Ask HN: Other than cash, how do you compensate employees in your startup? - bsbechtel

Our company (bootstrapped) has grown very quickly in the past few months. As we contemplate our next moves, we need to decide between investing in hard assets (machinery, IP) and paying employees for project-based work related to the development of these assets. These assets will provide us with a protected competitive position in our industry. We aren&#x27;t really looking for outside investors, and an exit down the road is highly unlikely, so equity compensation for employees isn&#x27;t ideal. What other forms of employee compensation have founders on here used? Ideally, some sort of rolling-debt instrument would fit our needs, but everything I&#x27;ve read online says that&#x27;s a bad idea (and possibly illegal). Does anyone have any other suggestions?
======
mchannon
Stock options and warrants can be useful, though if done poorly they can muddy
up your prospects for later rounds of financing in case you change your mind
about investors. Not ideal, but cheap.

Perks like telecommuting, flexible schedules, and PTO are often very underused
by companies, and they have no direct costs to your bottom line (indirect
costs can be massive if done wrong).

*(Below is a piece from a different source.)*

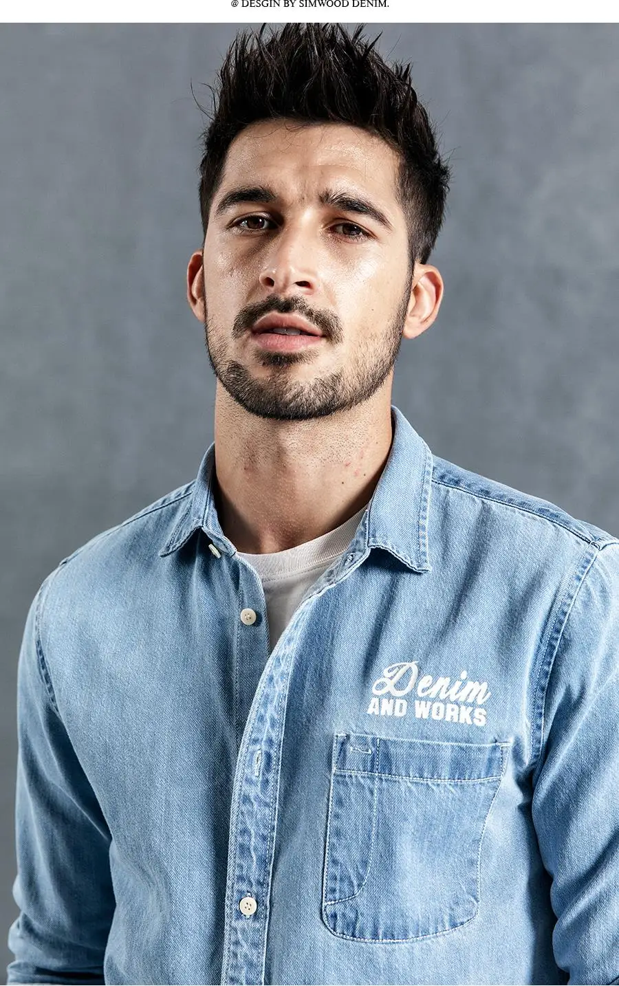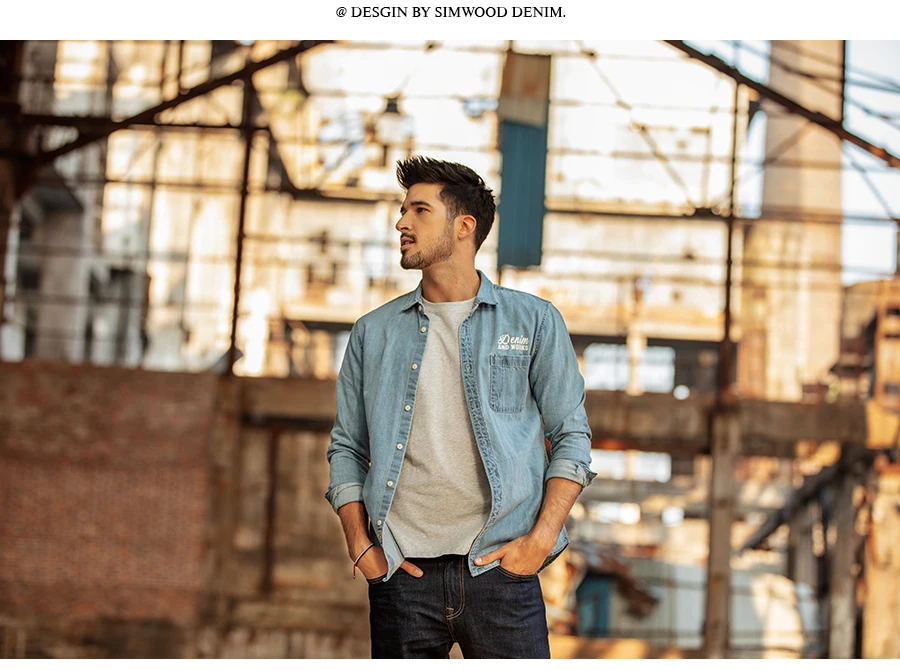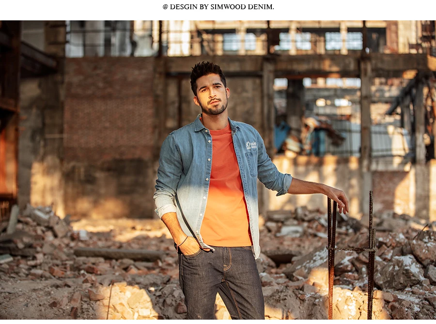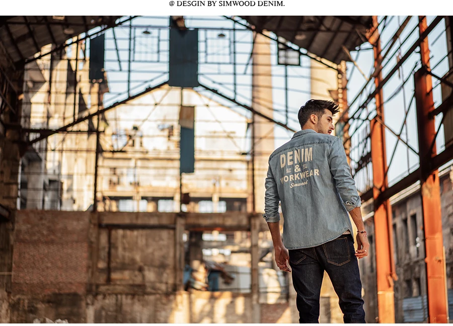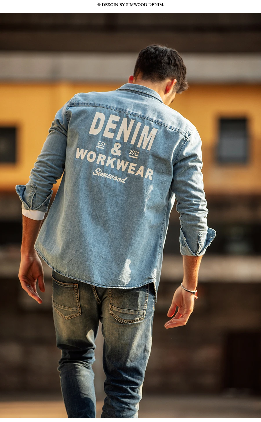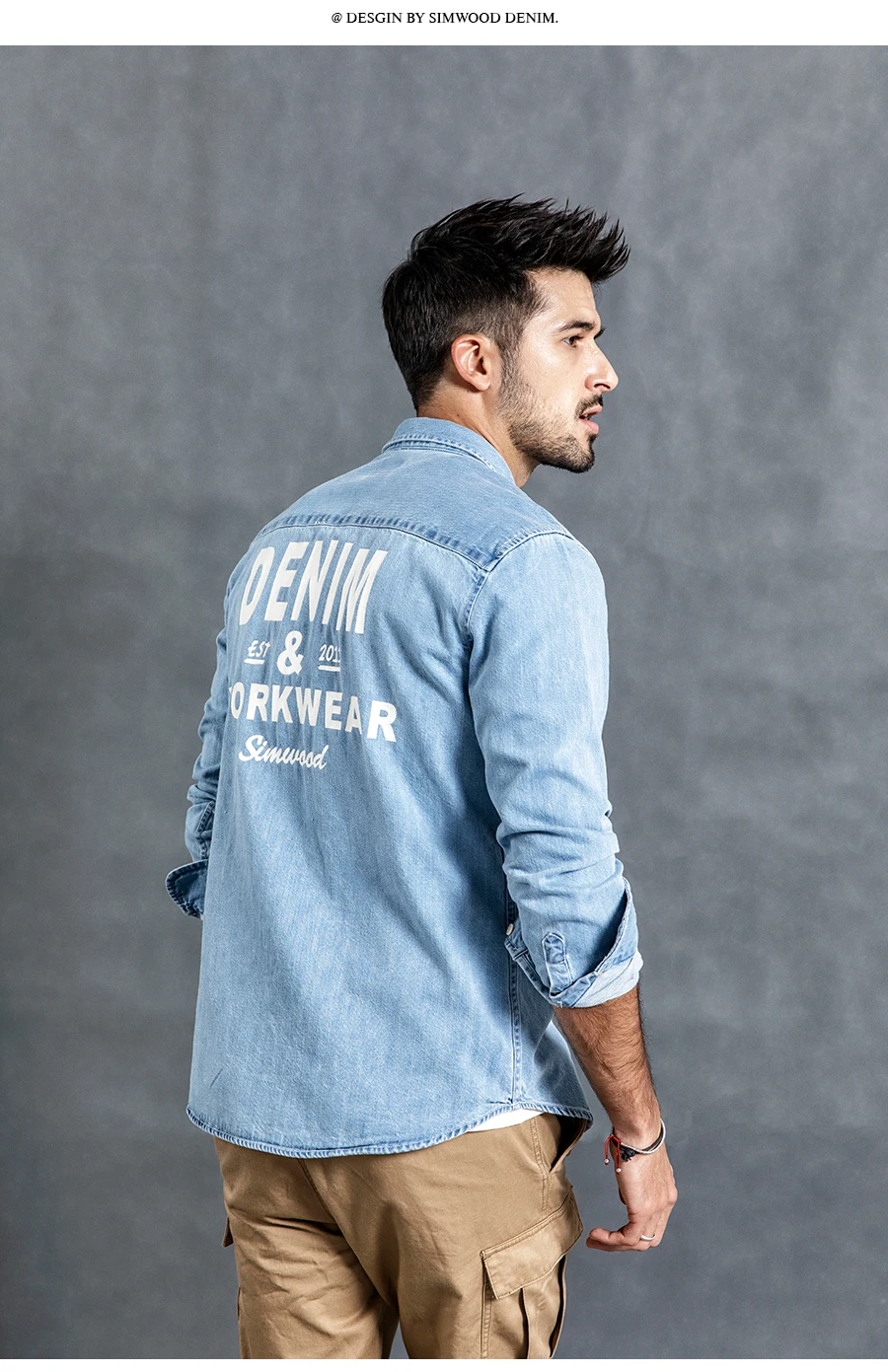 Мужская джинсовая рубашка с принтом SIMWOOD, модная повседневная рубашка с длинными рукавами, модель 190075 большого размера, 2019

Offering better-than-industry perks like
these go a long way to decrease turnover, and can be as or more effective as
pay increases.

Sometimes you can defer salaries, but outright bonuses give you some wiggle
room in case of a future downturn.

Depending on the nature of your startup (is most of it software?) you'll also
get far more motivated and loyal employees per dollar spent by locating your
offices outside of the startup capitals.